While I accept that one should not impose an undue burden upon judicial officers in busy courts to prepare extensive written reasons in all cases, I have sympathy with Mr Waddington’s submission that the Reasons were such that he simply did not know why he lost. The observations of Elliott J in The Marriage of Tennant,[19] relied upon by Mr Waddington are apposite in the current case:
Apart from the requirements of such reasons for the purpose of the appeal process, there is the basic ground of criticism that litigants who go to a court, put their witnesses up, argue their case and attempt to controvert the opposing case are entitled to know, if they lose, why they lost. If they are given no reasons they may feel the decision against them was conceived in prejudice, bias, or caprice.

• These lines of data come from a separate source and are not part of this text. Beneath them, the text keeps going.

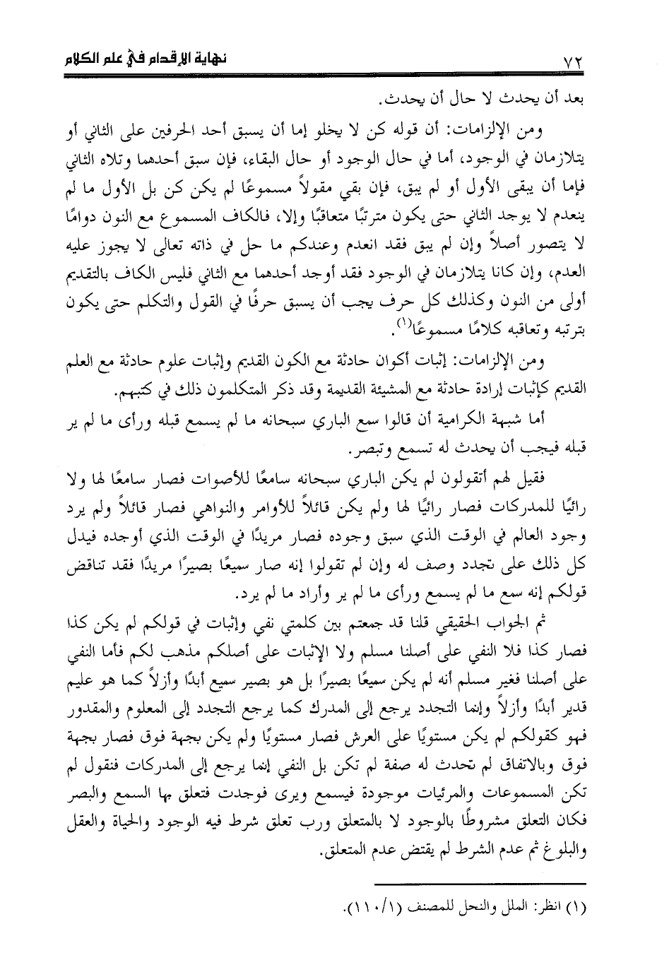 ومن الإلزامات: أن قوله كن لا يخلو إما أن يسبق أحد الحرفين على الثاني أو يتلازمان في الوجود، أما في حال الوجود أو حال البقاء، فإن سبق أحدهما وتلاه الثاني فإما أن يبقى الأول أو لم يبق، فإن بقي مقولا مسموعا لم يكن كن بل الأول ما لم ينعدم لا يوجد الثاني حتى يكون مترتبا متعاقبا وإلا، فالكاف المسموع مع النون دواما لا يتصور أصلا وإن لم يبق فقد انعدم وعندكم ما حل في ذاته تعالى لا يجوز عليه العدم، وإن كانا يتلازمان في الوجود فقد أوجد أحدهما مع الثاني فليس الكاف بالتقديم أولى من النون وكذلك كل حرف يجب أن يسبق حرفا في القول والتكلم حتى يكون بترتبه وتعاقبه كلاما مسموعا «1».
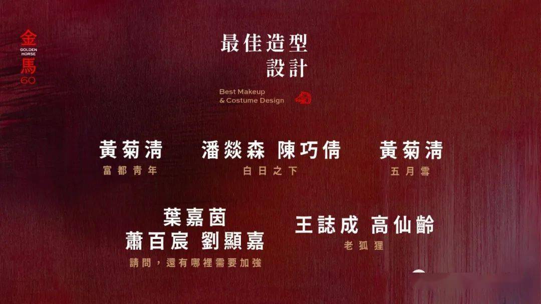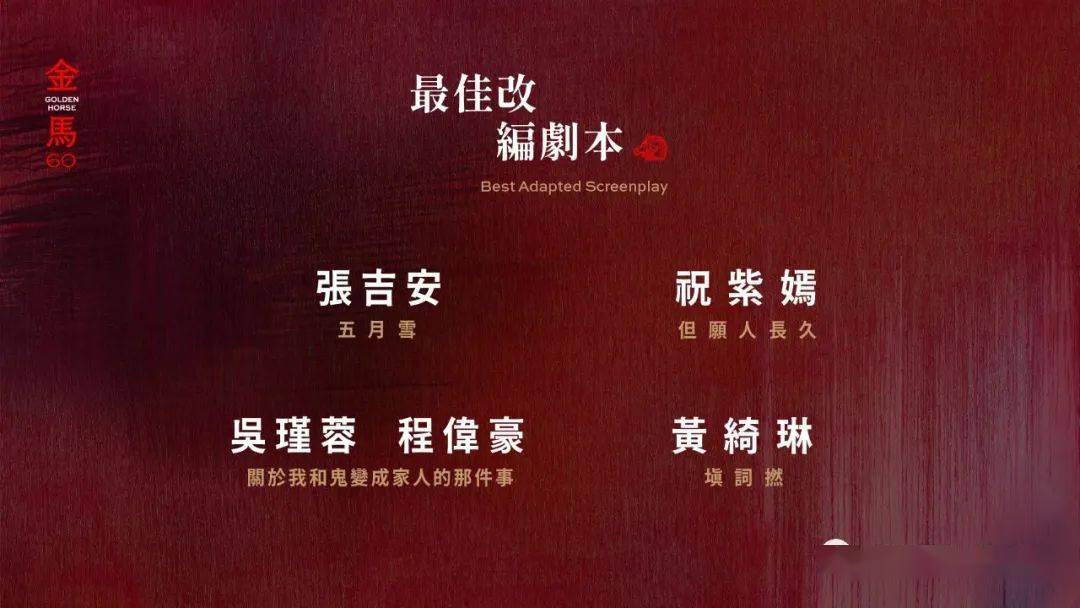 第60届金马奖今日(10/3)公布入围名单。今年报名影片共计552部(剧情片78部、动画片2部、纪录片58部、剧情短片280部、纪录短片76部、动画短片58部),由金马执委会执行长闻天祥与上届金马影帝黄秋生揭晓。
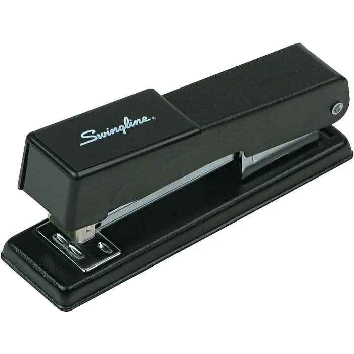 Conveniently sized, the Swingline® Compact Desk Stapler is easy to use. It staples up to 20 sheets at a time and provides both tacking ability and temporary pin staple functions. Rubber feet prevent skidding and metal build ensures long-term durability. The compact size ensures a small footprint and uses a half strip of 105 standard staples. Pre-packed with 1,000 standard staples. Black. Limited 1-year warranty.
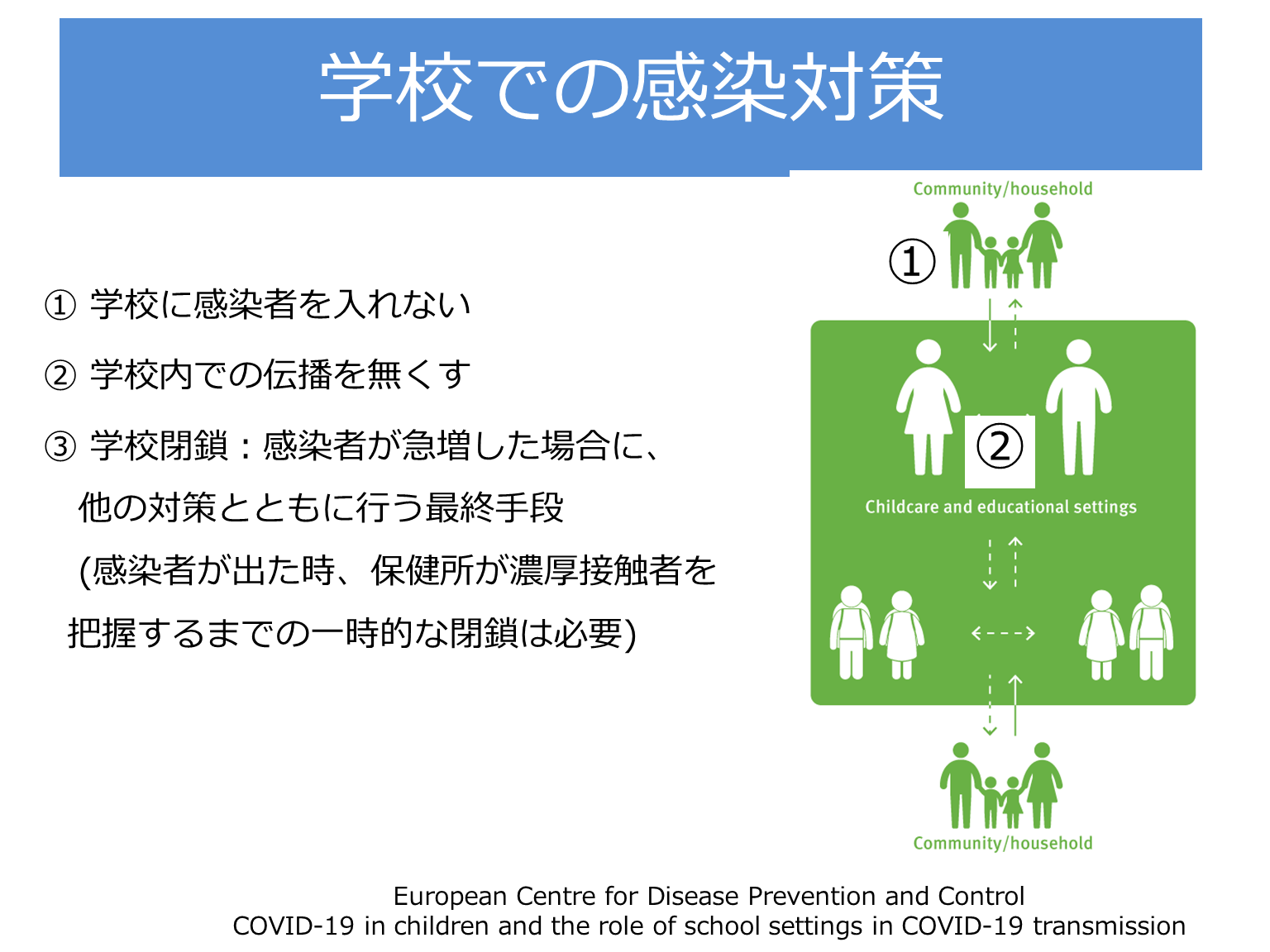 ③ 学校閉鎖:感染者が急増した場合に、 他の対策とともに行う最終手段 (感染者が出た時、保健所が濃厚接触者を 把握するまでの一時的な閉鎖は必要) European Centre for Disease Prevention and Control
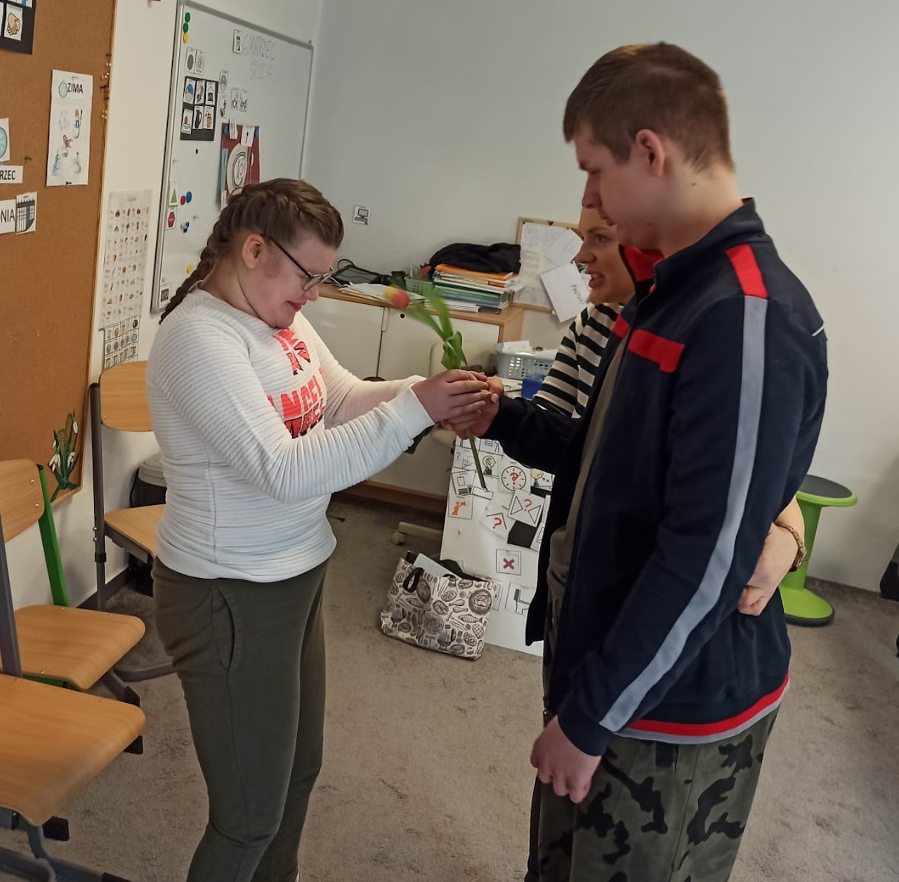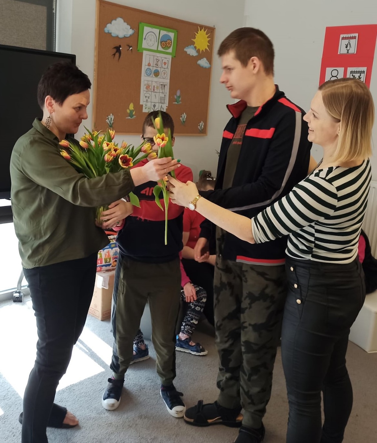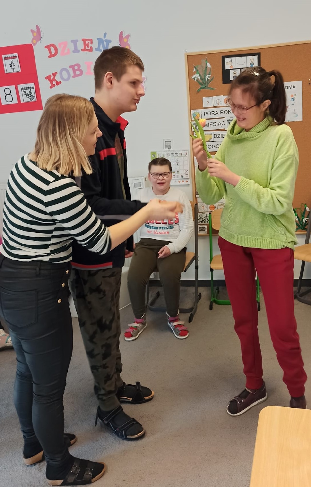 Międzynarodowy Dzień Kobiet był obchodzony bardzo uroczyście w naszej szkole. Udaliśmy się w ramach podwieczorku do Kawiarni „Kawowe Love” gdzie zjedliśmy pyszną szarlotkę , wypiliśmy kawę oraz soczki . Chłopcy w tym dniu zachowali się jak prawdziwi dżentelmeni swoim koleżankom oraz Paniom wręczyli po tulipanie i czekoladki - za co serdecznie dziękujemy .
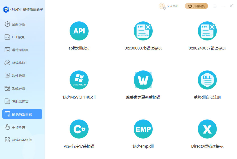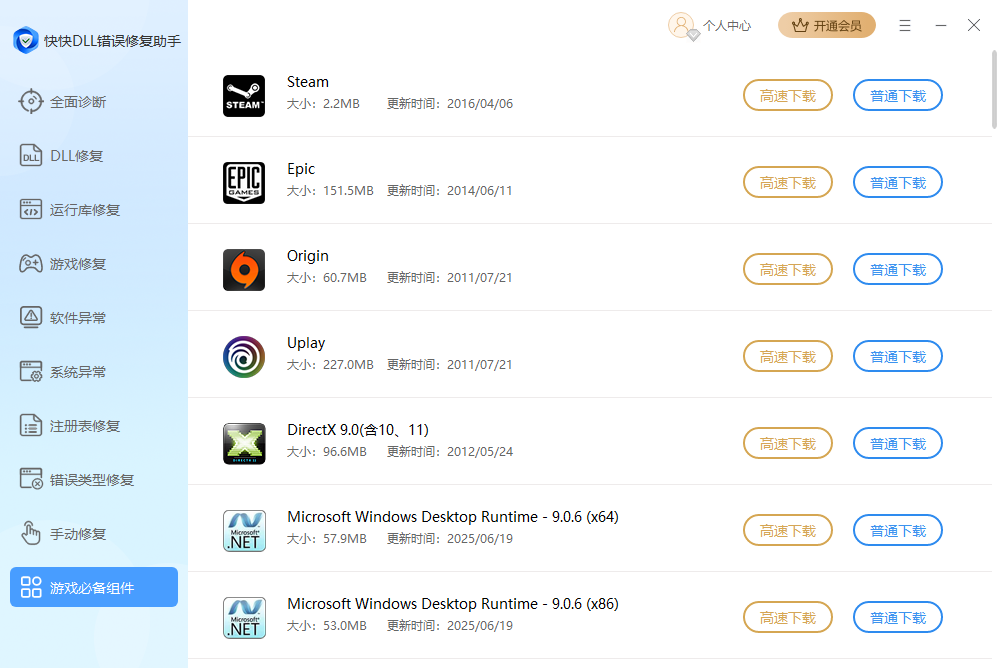 快快DLL错误修复助手是一款专为Windows系统设计的运行库修复工具,它能够自动扫描并修复因缺失DLL文件而导致的游戏或软件无法正常运行的问题。软件集成32位和64位运行库,涵盖DirectX、VC++、C++、.net等常用组件,提供全面的运行库合集,用户只需一键操作即可快速修复如d3dx9_43.dll、msvcp.dll等常见缺失文件,简单易用,可有效提升系统兼容性和稳定性。
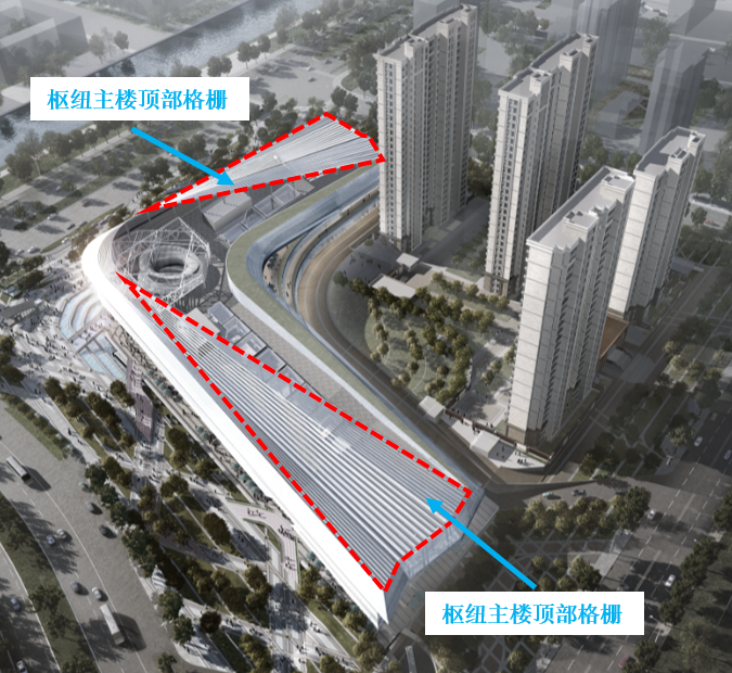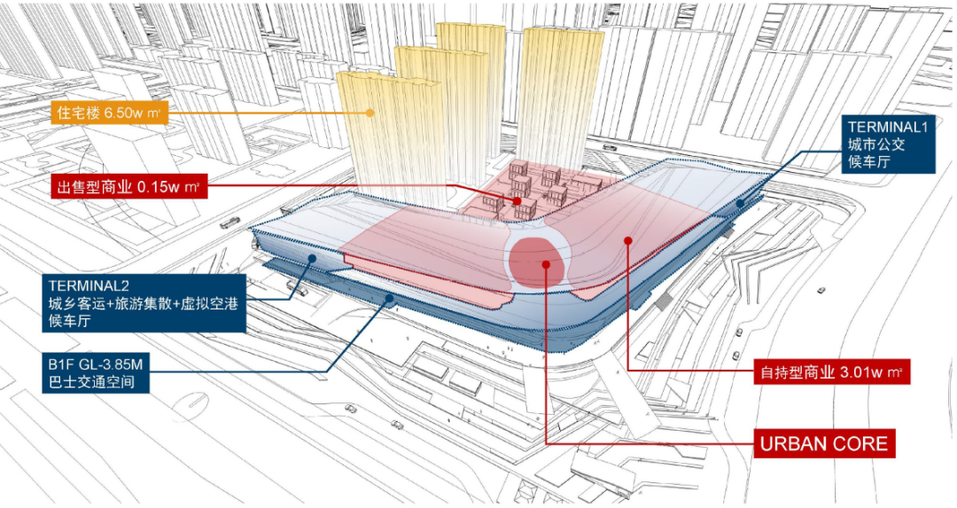 地上枢纽主楼动线明快,新颖的 L型平面两端主要用于公交候车及城乡客运、空港巴士、旅游集散,服务于吴江-苏州-长三角,加速推进同城一体化发展。L形的东南拐角处被设计为城市核空间(Urban Core)—— 有效连接公交、地铁、停车场和商业。

[19](1980) 5 Fam LR 777, at 780.
Accordingly, Mr Waddington has made out, in effect, two grounds of appeal. In his Notice of Appeal, he sought orders that the orders made by her Honour be set aside, and that his claim for damages be granted. However, during the course of the appeal he conceded, appropriately in my view, that the proper course would be for the matter to be remitted to the Magistrates’ Court for re-hearing. Given the nature of the factual contest between the parties, it would be close to impossible to fairly determine the dispute on the transcript alone. Further, I would direct that Mr Waddington, upon the matter being remitted, promptly make an application to amend his statement of claim to properly plead the material facts and statutory provisions relied upon to enable the Court to be provided with a properly articulated claim.
I will hear further from the parties on the form of orders and the question of costs, including whether it is appropriate to make an order under the Appeal Costs Act 1998 (Vic).